**Your objective**
Find the line below with "Color: Heathered navy/blue" and the line with "Tính đến 18h". Output them and the lines between, exactly, but not the pictures.

**Dataset**
+===+
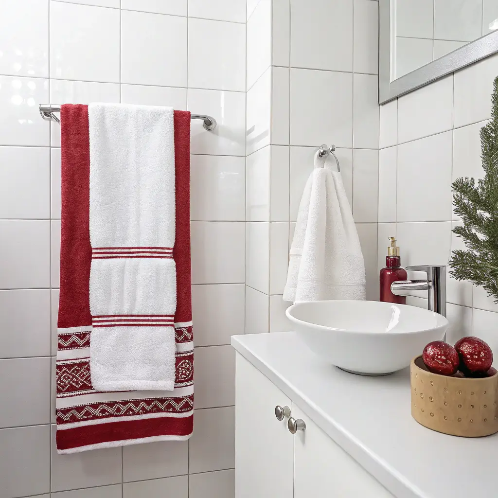 Let’s start with the easiest win you’ll get this season. Your towel rack sits there all year looking boring – why not give it some personality? I swap out my regular towels for rich red and forest green options about two weeks before December hits. Trust me, the early bird gets the best selection at HomeGoods.
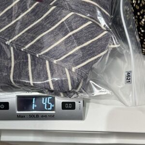 Color: Heathered navy/blue with off-white horizontal stripes
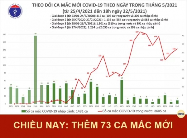 Tính đến 18h ngày 22/5, Việt Nam có tổng cộng 3.605 ca ghi nhận trong nước và 1.481 ca nhập cảnh. Số lượng ca mắc mới tính từ ngày 27/4 đến nay: 2.035 ca.
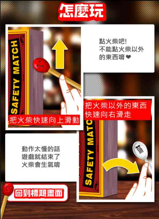 一支番仔火是一款非常搞笑好玩的休闲游戏, 游戏非常考验反应能力,要迅速判断物品是不是火柴,绝不能掉以轻心,集中精神,你会走的更远,赶紧来闯关吧,开倒车。!
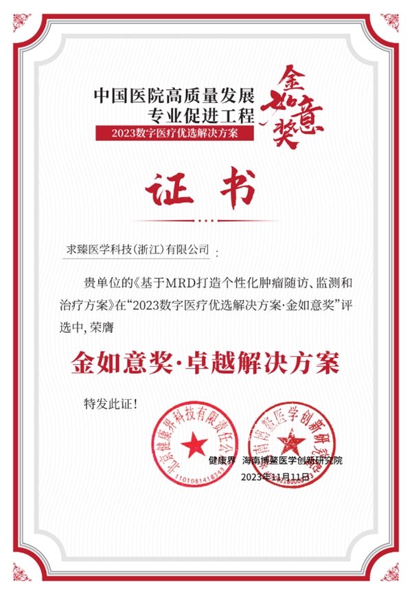 2023年11月11日,由健康界、海南博鰲醫(yī)學(xué)創(chuàng)新研究院和中國醫(yī)藥教育協(xié)會數(shù)字醫(yī)療專業(yè)委員會聯(lián)合主辦的第三屆“金如意獎”數(shù)字醫(yī)療優(yōu)選解決方案評選頒獎典禮,在2023中國醫(yī)院管理年會上揭曉榜單并頒獎。求臻醫(yī)學(xué)MRD產(chǎn)品解決方案榮獲第三屆金如意獎最 高獎項——卓越獎,這是對公司在臨床科研和轉(zhuǎn)化醫(yī)學(xué)領(lǐng)域的杰出貢獻的肯定。
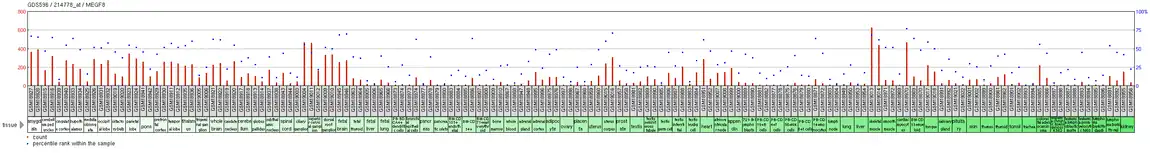 MEGF8 is found to be expressed at high levels in cardiac myocytes and fetal brain tissue, according to GeoProfiles,[23] from NCBI. This GeoProfile also indicated that MEGF8 was found to be at moderate to moderately low expression levels in all other tissues examined. NCBI GeoProfile data also provided the tissue expression graph for MEGF8 in humans, which is displayed to the right, further illustrating specific sites and levels of expression[24]
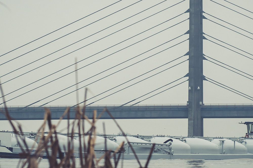 De Molenbrug over de IJssel bij Kampen, gezien vanaf het water, terwijl er net een binnenvaartschip passeert.
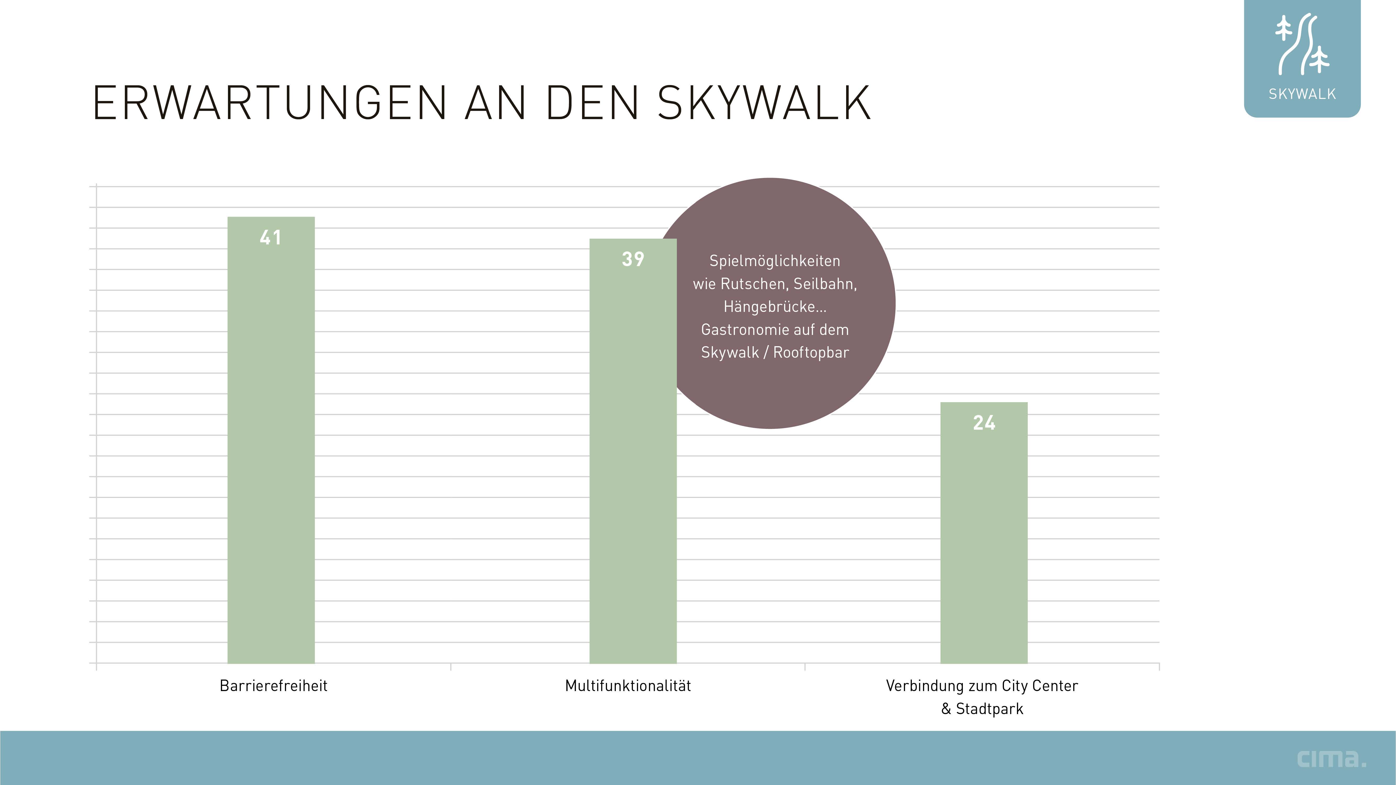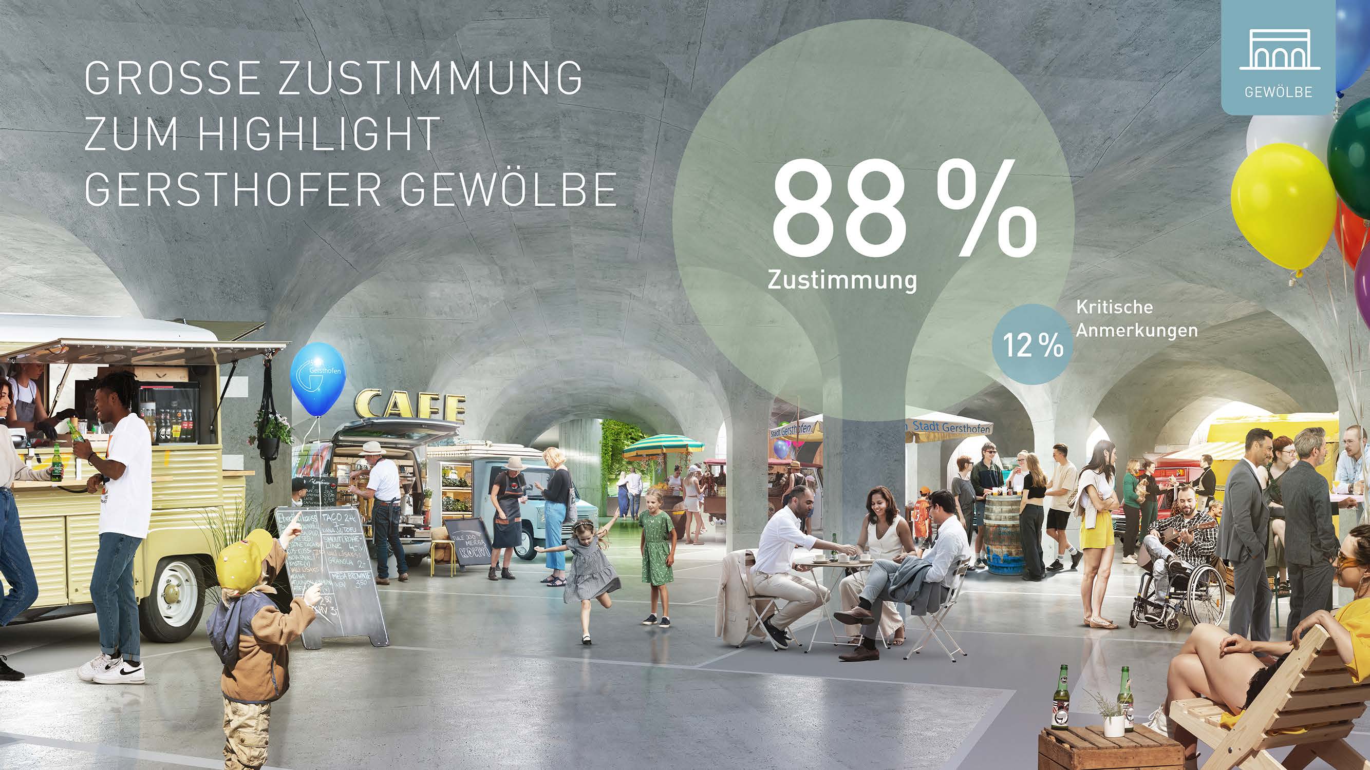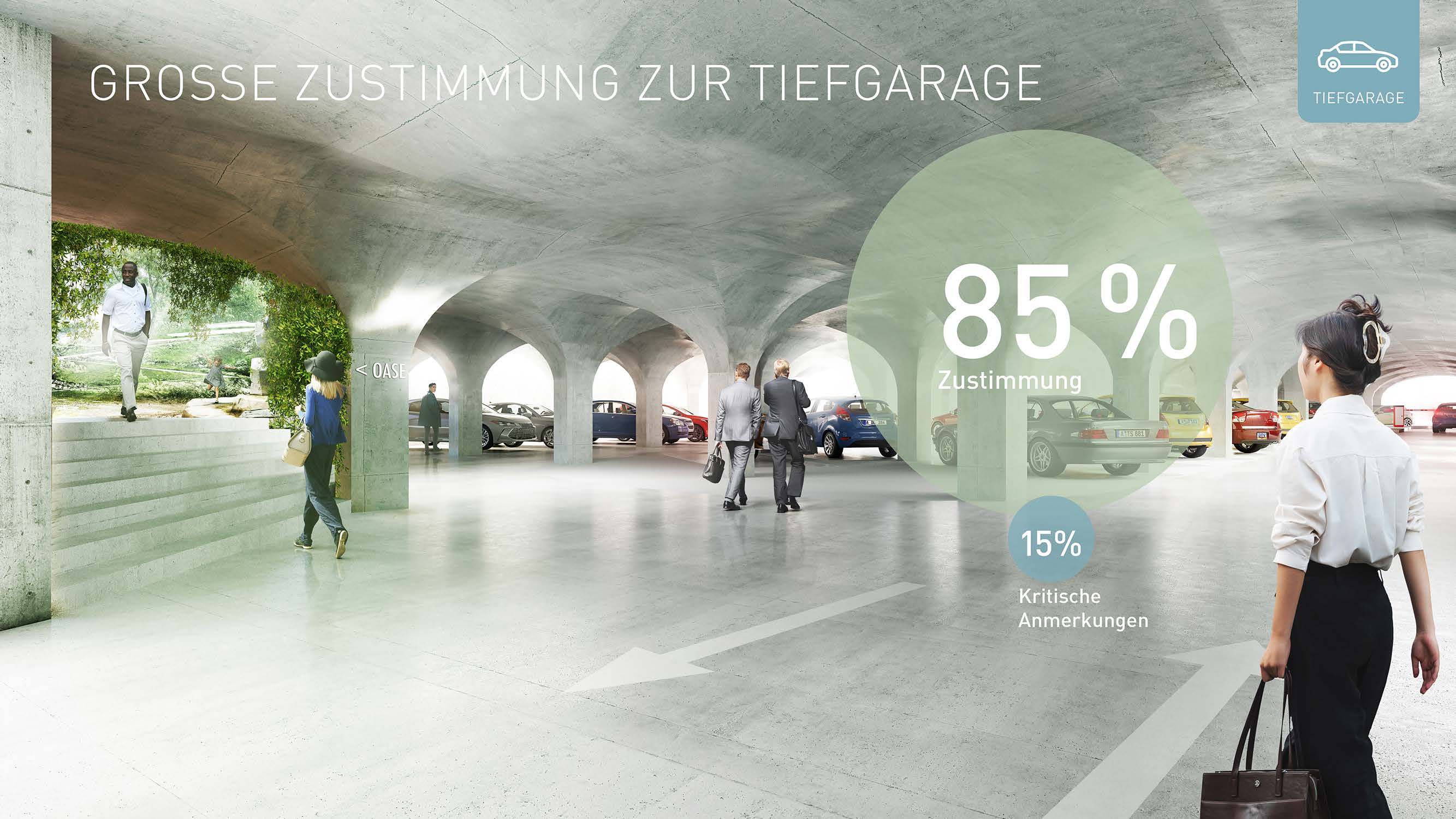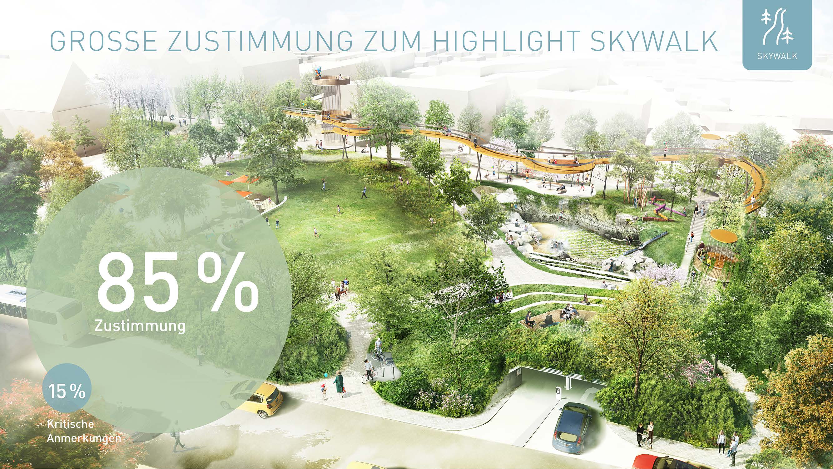 Die Zustimmungswerte im Einzelnen: Skywalk (85%), Wandelbare Tiefgarage zum Eventraum (88%), Tiefgarage (85%), Oase (100%)
+===+
**Task output**
 Color: Heathered navy/blue with off-white horizontal stripes
 Tính đến 18h ngày 22/5, Việt Nam có tổng cộng 3.605 ca ghi nhận trong nước và 1.481 ca nhập cảnh. Số lượng ca mắc mới tính từ ngày 27/4 đến nay: 2.035 ca.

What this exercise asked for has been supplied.